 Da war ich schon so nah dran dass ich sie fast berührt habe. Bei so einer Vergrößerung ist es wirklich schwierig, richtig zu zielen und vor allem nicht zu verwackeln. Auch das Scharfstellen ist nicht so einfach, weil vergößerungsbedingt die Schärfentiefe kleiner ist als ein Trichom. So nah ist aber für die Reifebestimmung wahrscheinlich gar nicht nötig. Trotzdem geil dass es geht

==

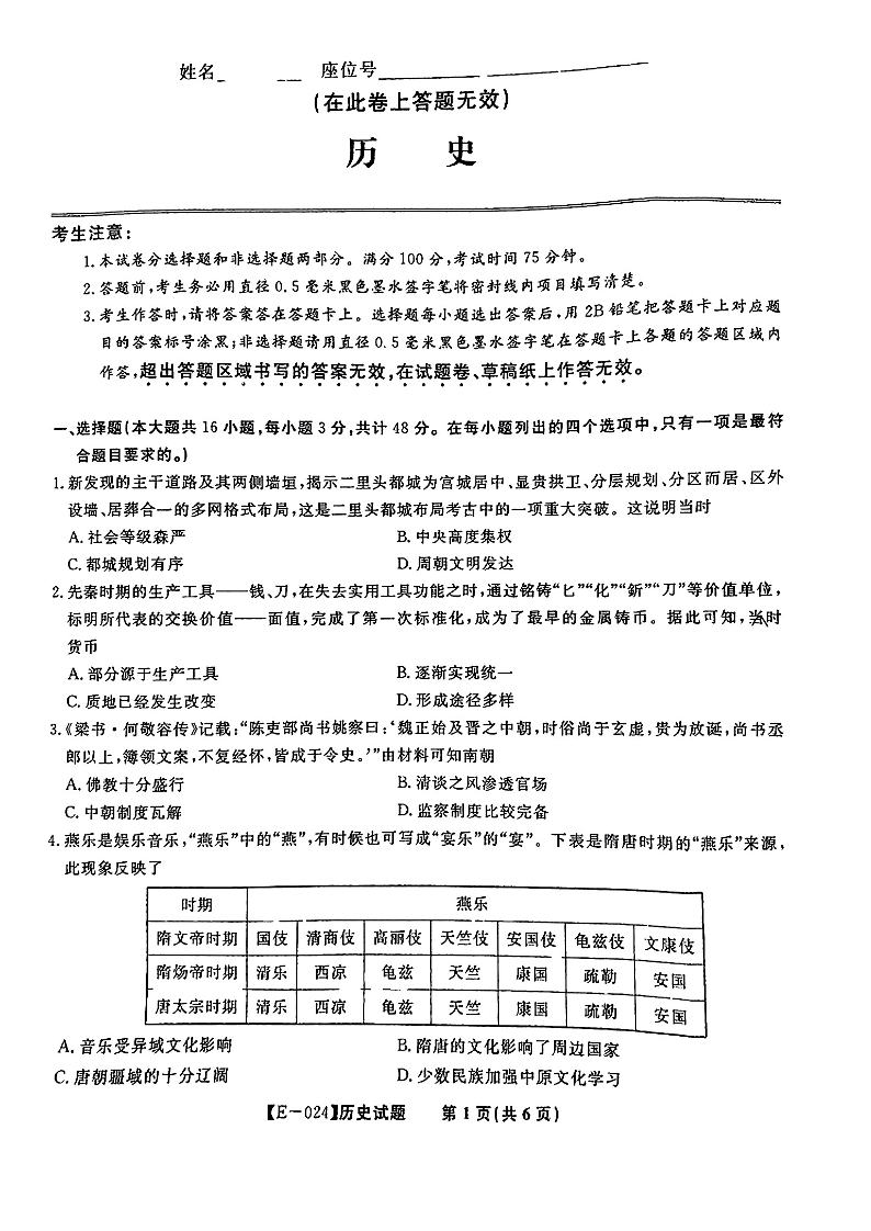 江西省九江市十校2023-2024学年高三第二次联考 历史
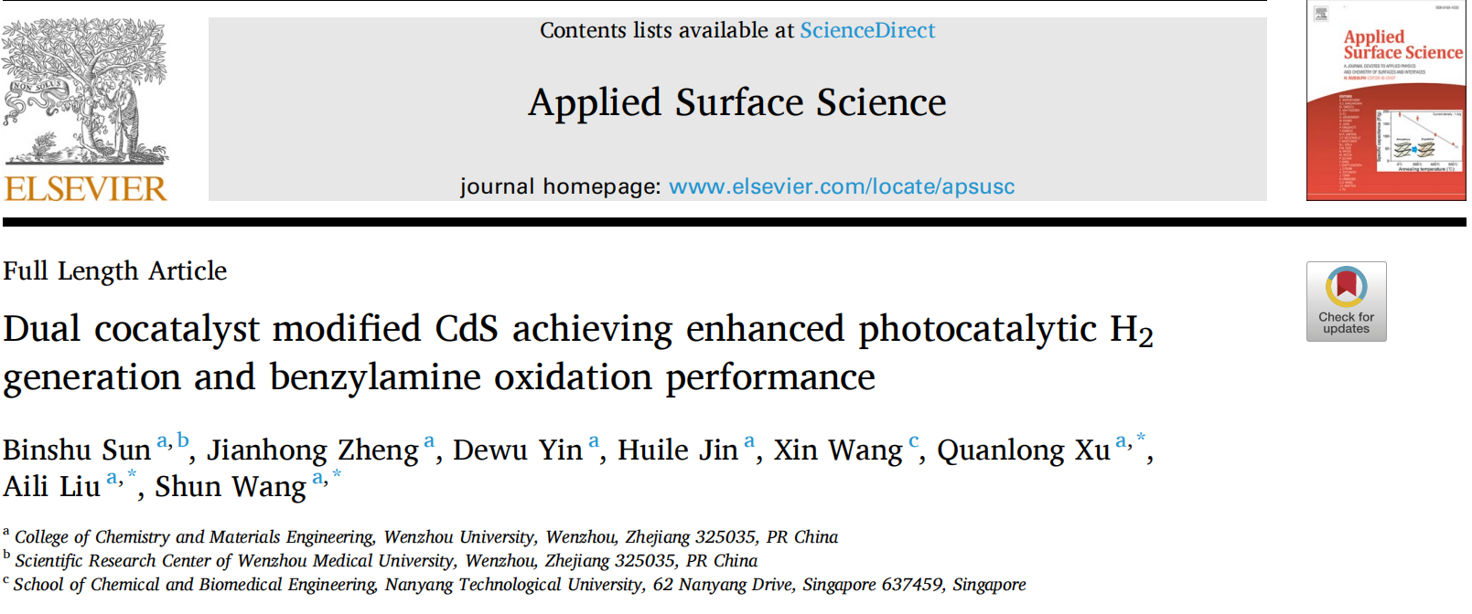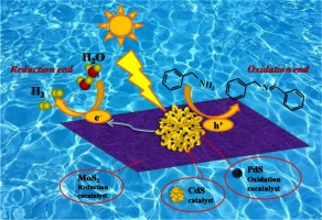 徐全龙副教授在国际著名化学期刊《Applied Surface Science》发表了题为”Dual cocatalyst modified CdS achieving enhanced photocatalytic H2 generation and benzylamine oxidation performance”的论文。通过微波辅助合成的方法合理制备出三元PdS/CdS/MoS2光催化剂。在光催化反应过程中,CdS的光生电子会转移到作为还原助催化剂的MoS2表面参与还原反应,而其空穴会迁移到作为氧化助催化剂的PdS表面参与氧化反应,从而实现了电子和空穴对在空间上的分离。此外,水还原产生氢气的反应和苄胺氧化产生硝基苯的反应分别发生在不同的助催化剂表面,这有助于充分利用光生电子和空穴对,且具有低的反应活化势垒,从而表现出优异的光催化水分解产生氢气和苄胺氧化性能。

→ Work to complete: With the pictures removed, print only the lines starting at the line that has "江西省九江市十校2023-2024学年高三第二次联考 历史" and ending at the line that has "cocatalyst modified CdS", both ends included, exactly as they stand above.

→ Final answer:
 江西省九江市十校2023-2024学年高三第二次联考 历史
 徐全龙副教授在国际著名化学期刊《Applied Surface Science》发表了题为”Dual cocatalyst modified CdS achieving enhanced photocatalytic H2 generation and benzylamine oxidation performance”的论文。通过微波辅助合成的方法合理制备出三元PdS/CdS/MoS2光催化剂。在光催化反应过程中,CdS的光生电子会转移到作为还原助催化剂的MoS2表面参与还原反应,而其空穴会迁移到作为氧化助催化剂的PdS表面参与氧化反应,从而实现了电子和空穴对在空间上的分离。此外,水还原产生氢气的反应和苄胺氧化产生硝基苯的反应分别发生在不同的助催化剂表面,这有助于充分利用光生电子和空穴对,且具有低的反应活化势垒,从而表现出优异的光催化水分解产生氢气和苄胺氧化性能。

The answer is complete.